LoyalDiffusion: A Diffusion Model Guarding Against Data Replication
Chenghao Li, Yuke Zhang, Dake Chen, Jingqi Xu, Peter A. Beerel
TL;DR
This work addresses privacy risks in diffusion models arising from memorization of training data. It introduces LoyalDiffusion, which combines a replication-aware U-Net (RAU-Net) that replaces direct skip-connection transfers with information transfer blocks and a two-stage training strategy that applies RAU-Net only at timesteps where image fidelity is less sensitive, thereby reducing replication without sacrificing quality. The framework also integrates with data-centric strategies (GC&DF) to further mitigate memorization, and its effectiveness is demonstrated on SD v2.1 fine-tuned on LAION-2B, achieving substantial replication reductions while maintaining competitive FID and CLIP scores. A Bing-based RepliBing evaluation suggests replication scores approach a real-world lower bound, underscoring the practical significance of the approach for privacy-preserving diffusion models. Overall, LoyalDiffusion provides a novel model-centric avenue for replication mitigation that complements existing data-centric methods and highlights the role of timesteps in memorization dynamics.
Abstract
Diffusion models have demonstrated significant potential in image generation. However, their ability to replicate training data presents a privacy risk, particularly when the training data includes confidential information.

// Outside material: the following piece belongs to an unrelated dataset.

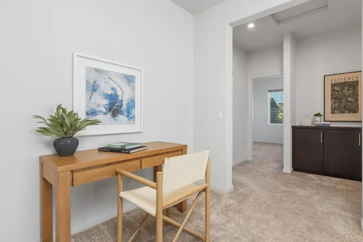 Experience an elevated lifestyle in this nearly-new, energy-efficient masterpiece. This 2-year-old turnkey smart home is a pristine residence packed with high-end upgrades, headlined by a fully PAID solar system, premium window coverings along with a tankless water heater. The open-concept main floor features luxury laminate flooring and a gourmet kitchen with a massive Quartz island, custom tile backsplash, and full stainless steel appliance package. Upstairs, find a versatile layout with luscious carpet, ceiling fans in all bedrooms, and a convenient laundry room. The Primary Suite offers dual vanities, a separate soaking tub/shower, and a walk-in closet. Fully tech-enabled with Schlage keyless entry, Eero router, and Ecobee thermostat. Private vinyl-fenced yard on one of the biggest lots in the community with finished hardscape; HOA maintains front landscaping. Located in the Rancho Buena Vista HS district with EZ access to Hwy 78, I-5, and I-15. Come see it today!

Existing mitigation strategies primarily focus on augmenting the training dataset, leaving the impact of diffusion model architecture under explored. In this paper, we address this gap by examining and mitigating the impact of the model structure, specifically the skip connections in the diffusion model's U-Net model. We first present our observation on a trade-off in the skip connections. While they enhance image generation quality, they also reinforce the memorization of training data, increasing the risk of replication. To address this, we propose a replication-aware U-Net (RAU-Net) architecture that incorporates information transfer blocks into skip connections that are less essential for image quality. Recognizing the potential impact of RAU-Net on generation quality, we further investigate and identify specific timesteps during which the impact on memorization is most pronounced. By applying RAU-Net selectively at these critical timesteps, we couple our novel diffusion model with a targeted training and inference strategy, forming a framework we refer to as LoyalDiffusion. Extensive experiments demonstrate that LoyalDiffusion outperforms the state-of-the-art replication mitigation method achieving a 48.63% reduction in replication while maintaining comparable image quality.